In reality when I short circuit the probe, I get about 3V and with 10k+ or open loop, I get 0V.
In simulation I used 10k for unknown impedance.

The whole device contains another board with 2 7-segments and some LEDs.
It connected to the analog board with 10 wires(the connection is recognizable at the bottom of attached PCB image).
The analog board has 3 LM324 and the display board has two CA3161 BCD to 7-seg driver.
So I think the OpAmps of analog board converts the unknown impedance to BCD.

The probe is simple as wire.
I don't have a dental maquette so I connect the probe to a trimmer.

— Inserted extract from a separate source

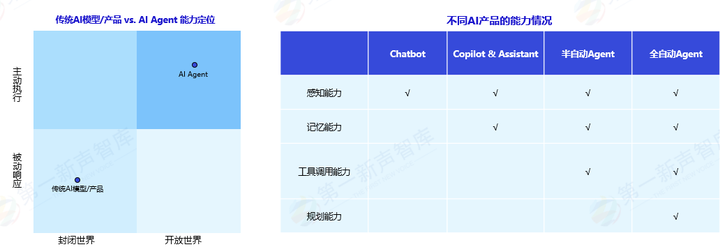 大多数AI产品(如文本生成、图像生成模型)是被动响应的“大脑”,是具备 “理解与生成” 能力的技术底座,仅能完成文本创作、信息问答等单一、封闭的输出任务,它们接受输入并产生输出,但无法影响外部世界。而AI Agent则同时具备 “感知能力、记忆能力、工具调用能力、规划能力”四大能力,其核心差异在于是否具备工具调用(Tool Use)能力,即主动调用外部工具以拓展能力边界、达成复杂目标的能力。关键差异在于Agent实现了从“解答问题”到“解决问题”的跨越。

The device is built to help dentist to determine the apical area of tooth.

Ok,
Replacing the 1uF with 47uF in simulation has a very nice effect on removing ripples, but in action it doesn't have so much effect.
So I want to use an active LPF to remove undesired ripple and noise.
**broken link removed**
With R1=47kΩ, R2=100kΩ, and C2=100nF the cut-off frequency is 1/{(2π)(R2)(C1)}≈0.16Hz so I think it'll remove noise and ripples very well.
Am I right?

 

[ericgibbs]

hi,
Your drawing did not show the Vcc value, so I used 14V,
I missed the 1uF smoothing cap, adding it I get the same as your Sim.

Why don't you add that integrator circuit onto the output of your circuit and simulate it.??? also do an AC Analysis, that will show the cut off frequency

I would also choose a different OPA, with a lower noise figure.

EDIT:
I guess you know that you need to use a non inverting version of your posted integrator.??

 

[Warpspeed]

Integrating the output will only stop the display figures from jumping around, it will not reduce measurement errors introduced by a noise voltage.

In other words, if the noise voltage is the same amplitude as the wanted signal, the output will read maybe twice the amplitude it should, even after smoothing with an output integrator.

I cannot help feeling we really need to filter out the signal from the noise before rectification and integration.

A low pass filter at the signal input may not be that effective, because induced 50/60Hz mains noise is probably the main problem. Both the patient and this magic box are both fully floating, the impedances are quite high, and the whole thing ripe for noise pickup.

A bandpass filter centered around the oscillator frequency or sampling techniques may be more effective.